**Task details**
Write out the listing, please, but only from its first line through the line containing "- Different Between", exactly as given and without pictures.

Start of Dataset content

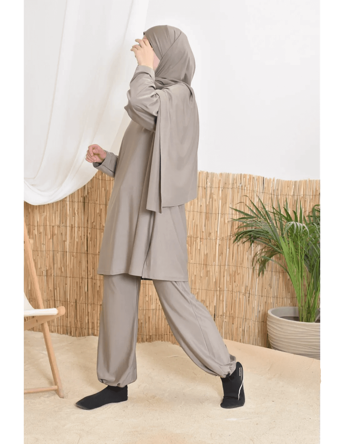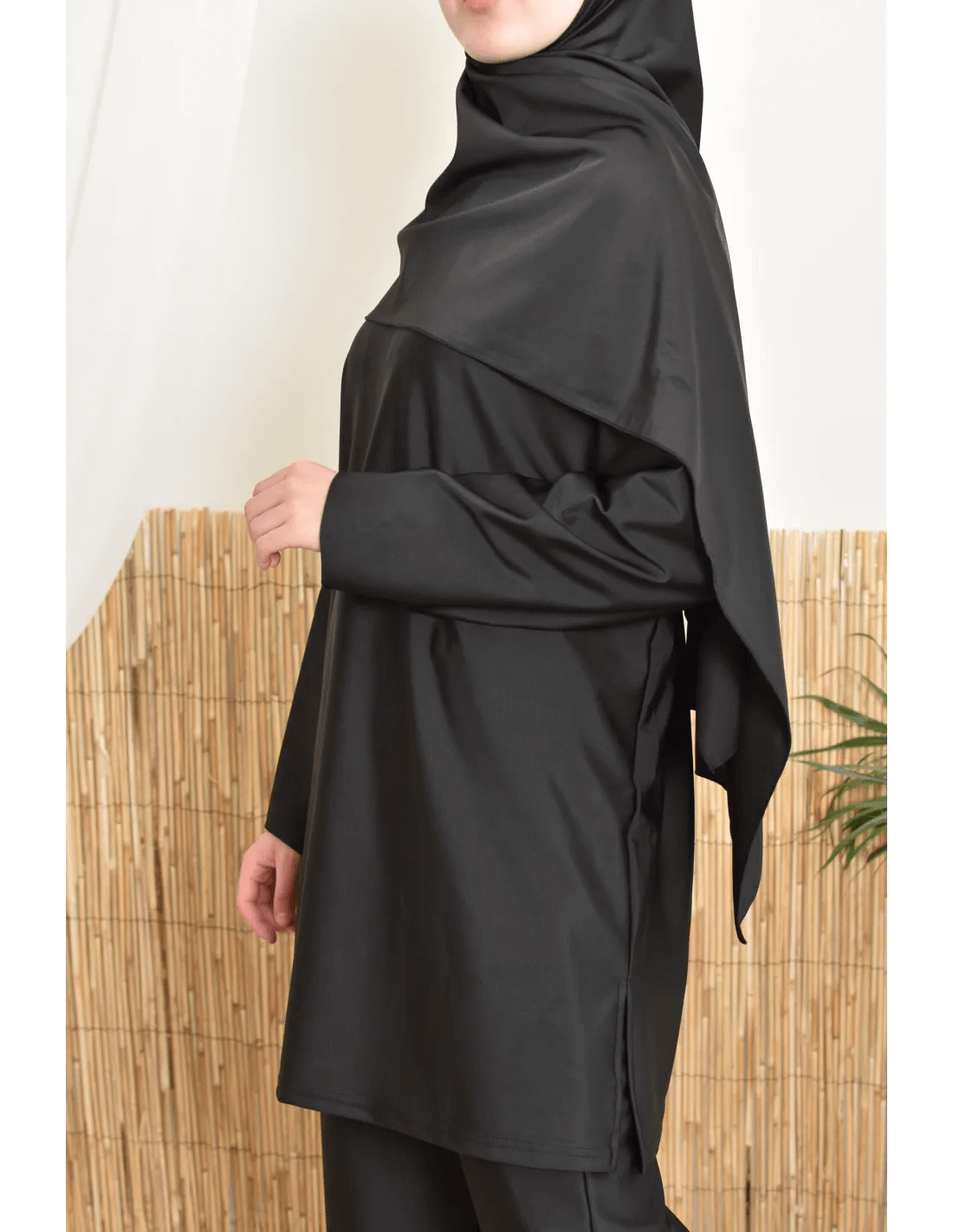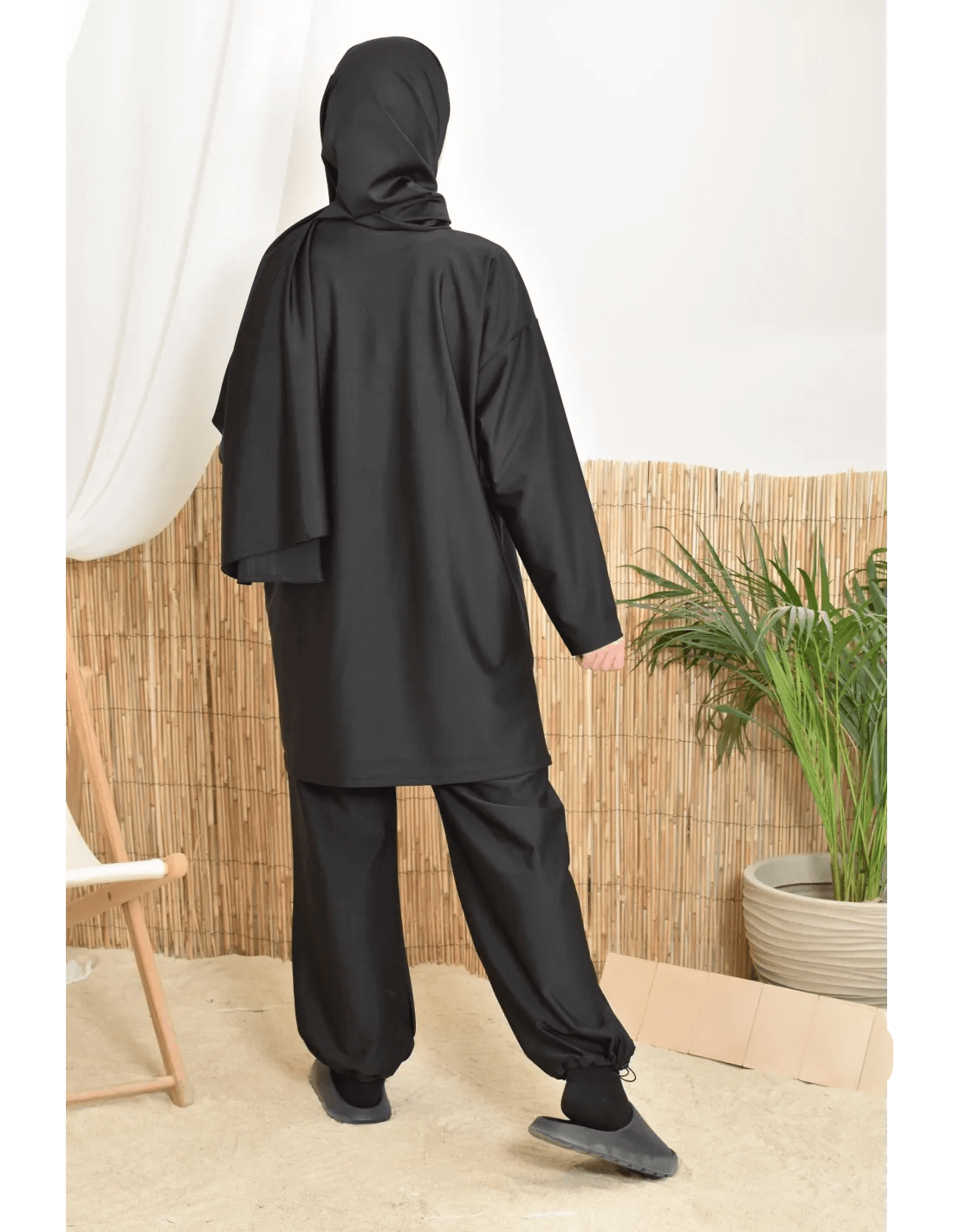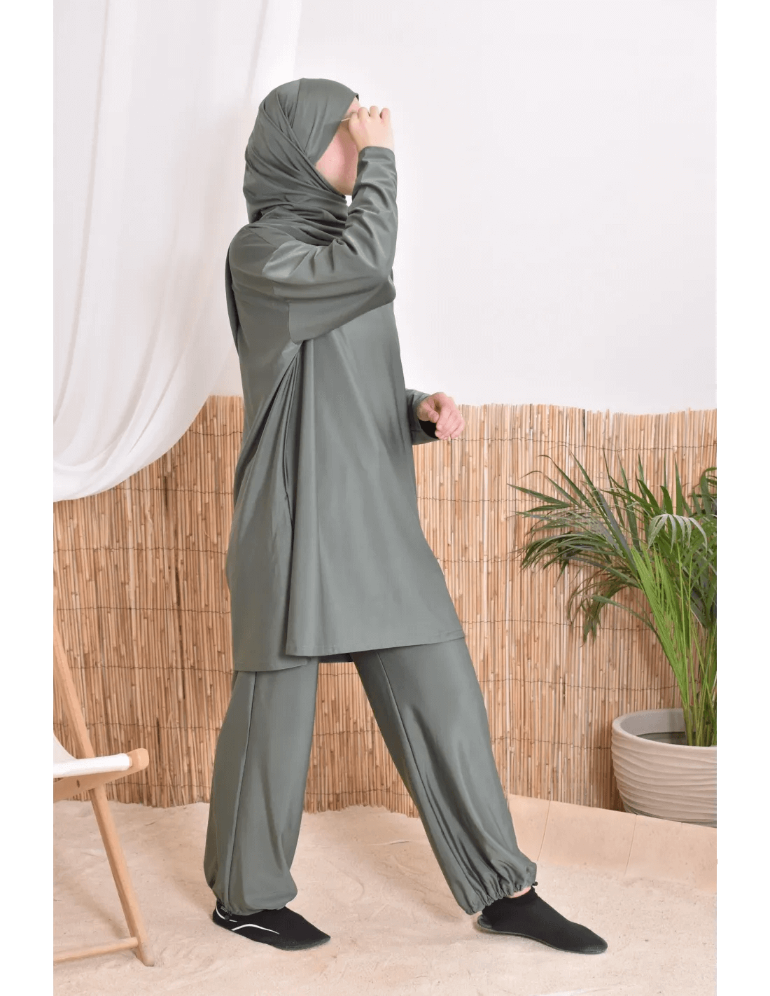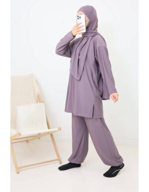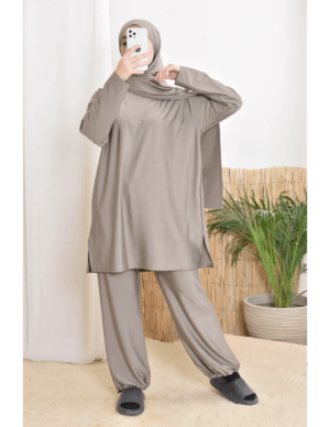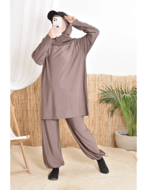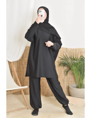 بوركيني ليلى بتصميم بسيط وأنيق يناسب المرأة المحجبة الباحثة عن الراحة والأناقة في الماء أو على الشاطئ.
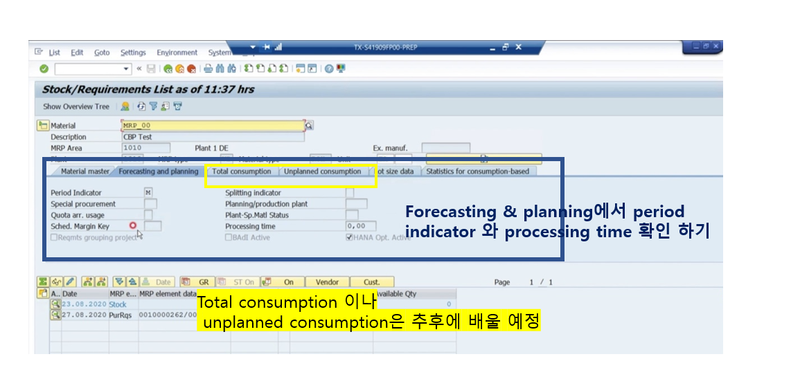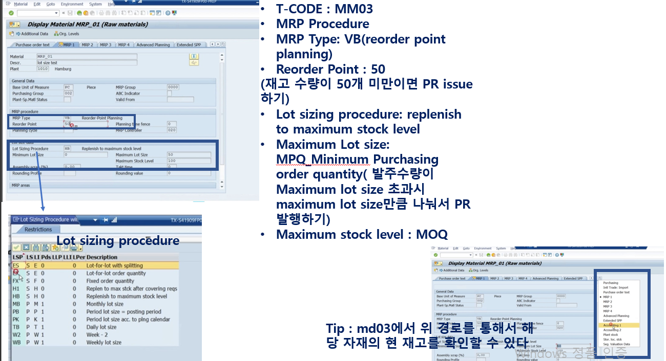 - Different Between curren stock/ requitements list and MRP list(가장 중요한 내용임)
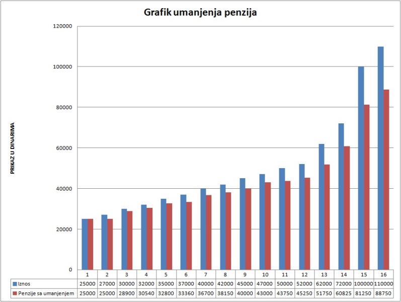 Prema poslednjim istraživanjima na teritoriji Republike Srbije ima 1.399.055 penzionera od kojih je čak 58,3% penzionera sa penzijama do 25.000 dinara i oni ne podležu odluci o umanjenju penzija. Primanja penzionera između 25.000 i 40.000 dinara umanjena je za 22%, dok je onima koji primaju penziju preko 40.000 dinara, ista umanjena za 25% za razliku iznad praga. Treba napomenuti da oni penzioneri čije su penzije veće od 100.000 dinara, umanjene su linearno sa više od 25% ali manje od 30%, opet u zavisnosti od visine primanja. Praktično, nešto više od 41% penzionera ima umanjenje penzija od 22% - 25% za razliku iznad praga.

End of Dataset content

**Solution to this problem**
 بوركيني ليلى بتصميم بسيط وأنيق يناسب المرأة المحجبة الباحثة عن الراحة والأناقة في الماء أو على الشاطئ.
 - Different Between curren stock/ requitements list and MRP list(가장 중요한 내용임)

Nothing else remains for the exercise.